I read Science in a Free Society. The first part is not exactly an easy read. The second part is a collection of his responses to reviews of Against Method which is amusingly withering in places.

Feyerabend sees Science as occupying a similar place in society as the Catholic Church did in the time of Galileo and being in similar need of knocking off its pedestal. Against Method is in some sense his 93 theses nailed to the church door.

Aristotle is the one he really likes, but he is a lot more sympathetic to Plato than Popper is. I think this is because he appreciates Plato's invention of literary genres rather than because he is convinced by the arguments in them.

He is also a lot more sympathetic to Hegel than Popper, again I think this is because he regards Hegel's dialectic as a hugely important development. If Feyerabend has a Method, its Argument, and Hegel's dialectic is argument leading to innovation.
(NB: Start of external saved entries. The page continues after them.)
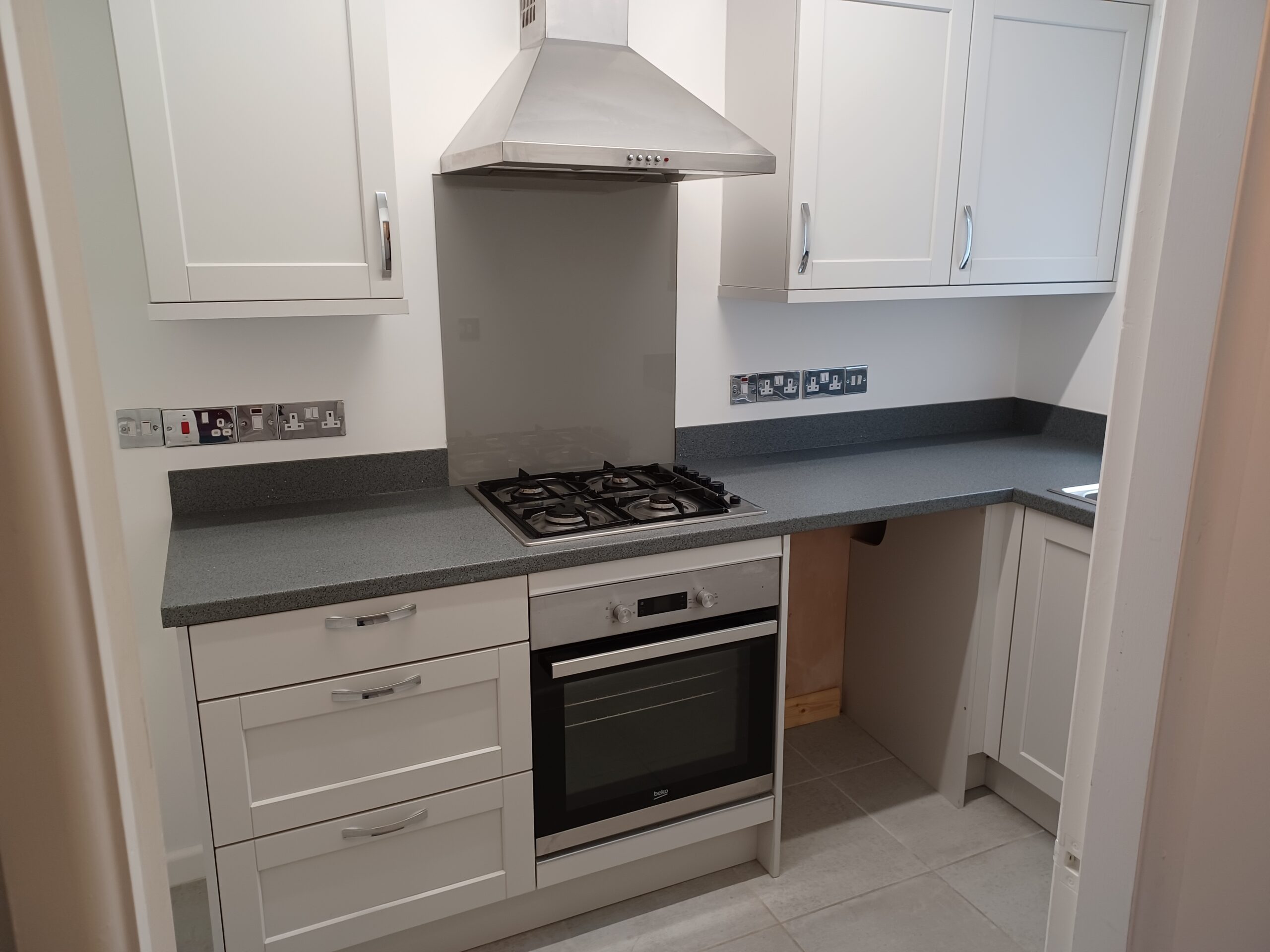 Kitchen. Room Dimensions: 3.23m(10’7″) x 1.65m(5’5″) With range of modern units incorporating a built in oven and hob. Recess for a fridge and plumbing for a washing machine
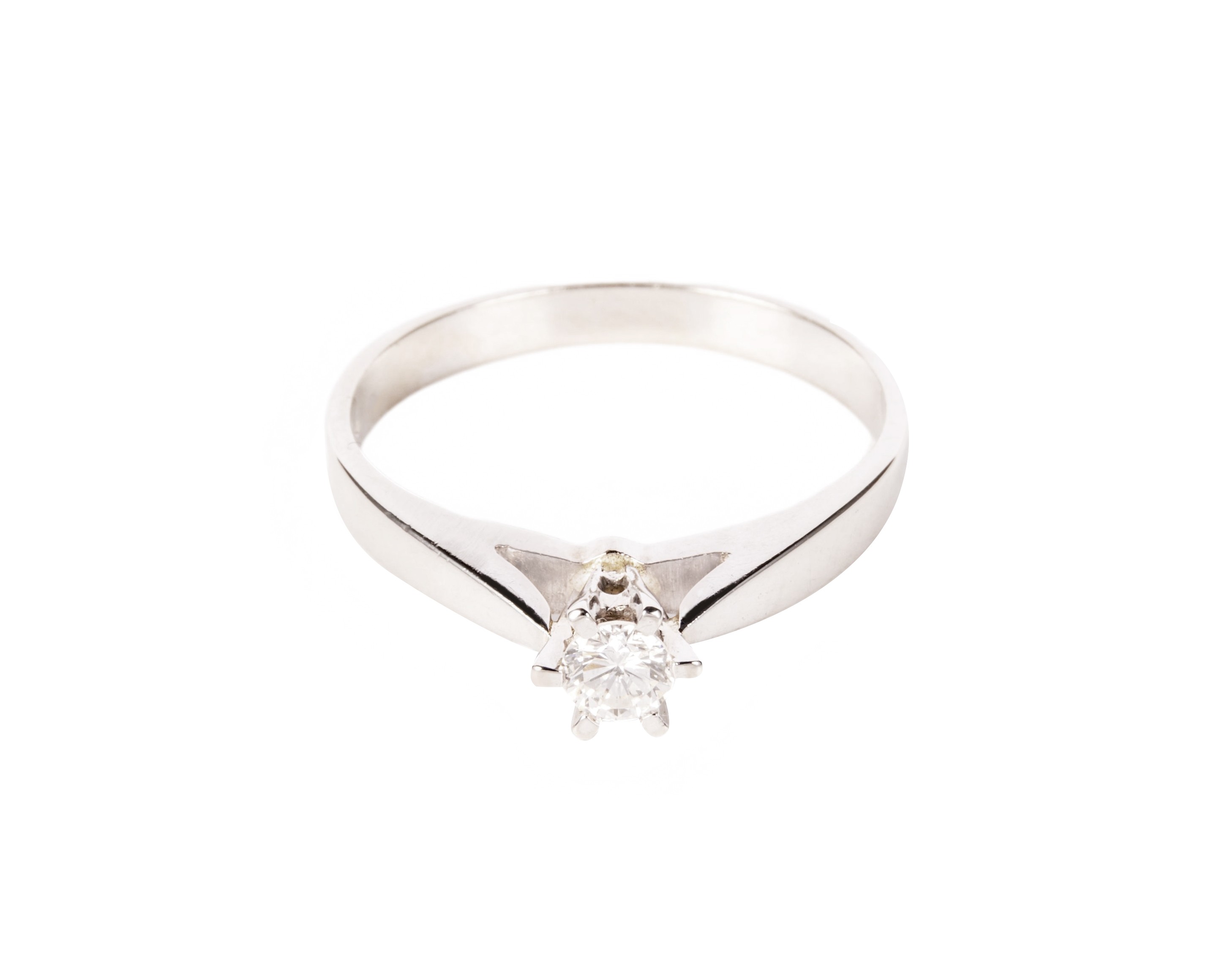 Klasyczny pierścionek zaręczynowy z diamentem zakutym w 6 łapek, o masie ok. 0,15 karata. Czystość diamentu to VS, a barwa H. Pierścionek wykonany w białym złocie próby 585, na rozmiar 18.
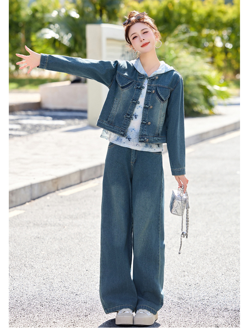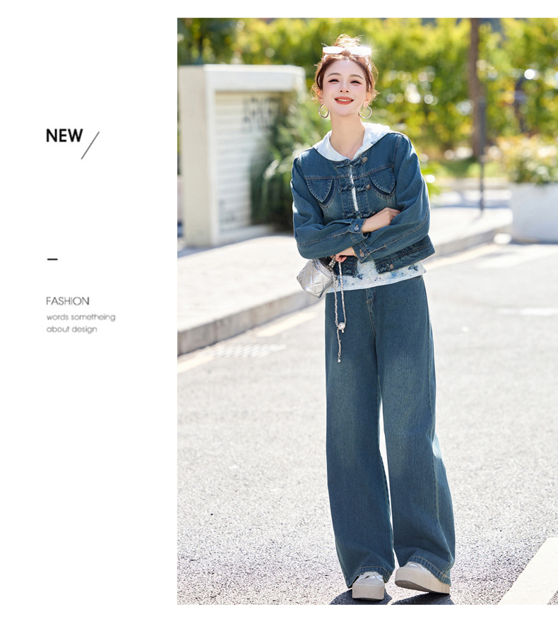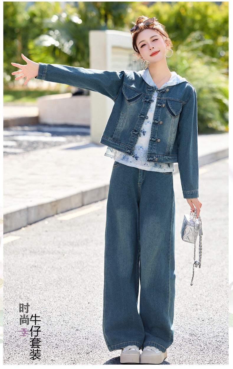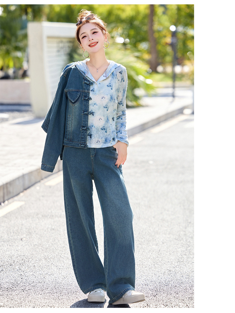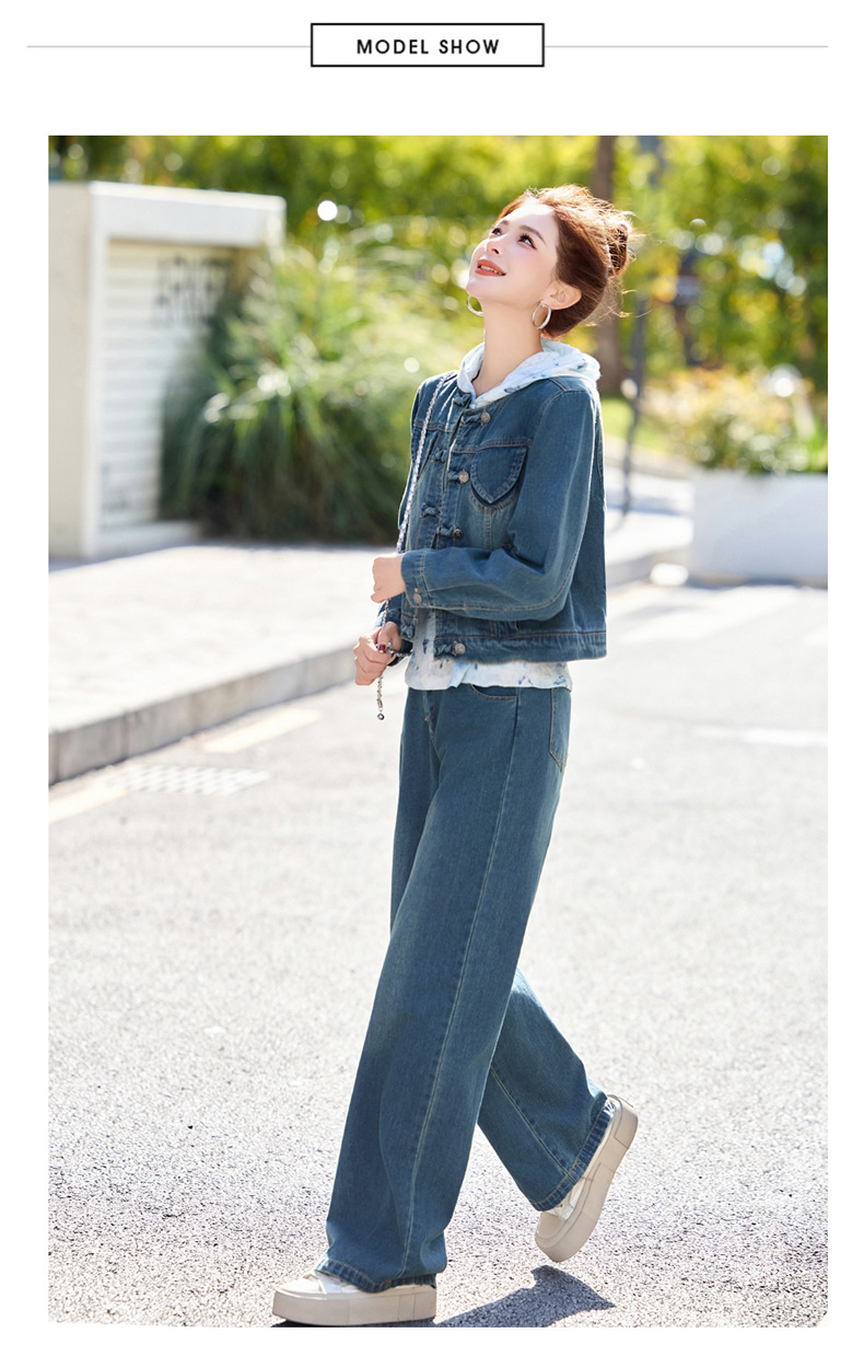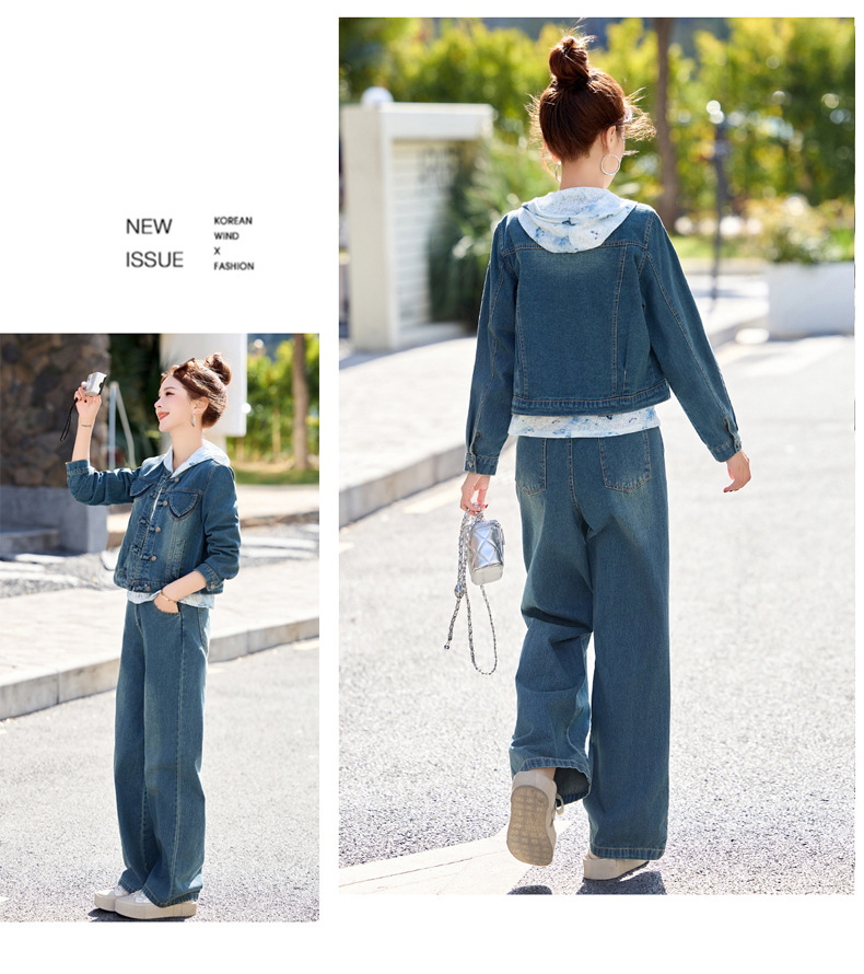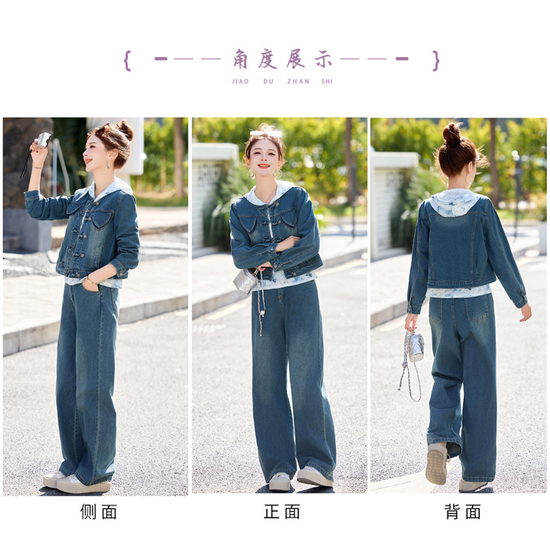 HR-XPH9189时尚复古休闲牛仔套装2025春新款女连帽衬衫牛仔外套直筒裤三件套

If there's a freedom he thinks is particularly fundamental, its the freedom to argue.

He sees Science as ill, constipated by undue subservience to Method, and prescribes a dose of anarchy, not because he is actually an anarchist, but because its the Hegelian antithesis and he feels the need to confront Science with it in order to progress to a healthier synthesis.

He regards Science as too dominant for Society to be free. I'm not sure to what extent he is playing the gadfly here, there aren't the reviews of reviews to reveal just how much of his position is conviction rather than rhetoric inspired by his convictions. His requirement for a free society is that all traditions have equal access to power in it. Its not good enough to allow women to participate equally in male society, female traditions have to have equal access to power. Its not good enough to have equal access for astronomers and astrologers to study with astronomers at university, they have to have equal access to study astrology with astrologers too. They might chose not to, other people aren't required to pay for them to do it, but "Astrology is unscientific" isn't a good enough reason to bar astrologers from universities.

Feyerabend would love people gluing themselves to roads. Not only are they protesting against the same sort of thing as he was protesting against, they are doing it a dramatically innovative way, and he would appreciate the drama even if he didn't agree with the aims of the protest.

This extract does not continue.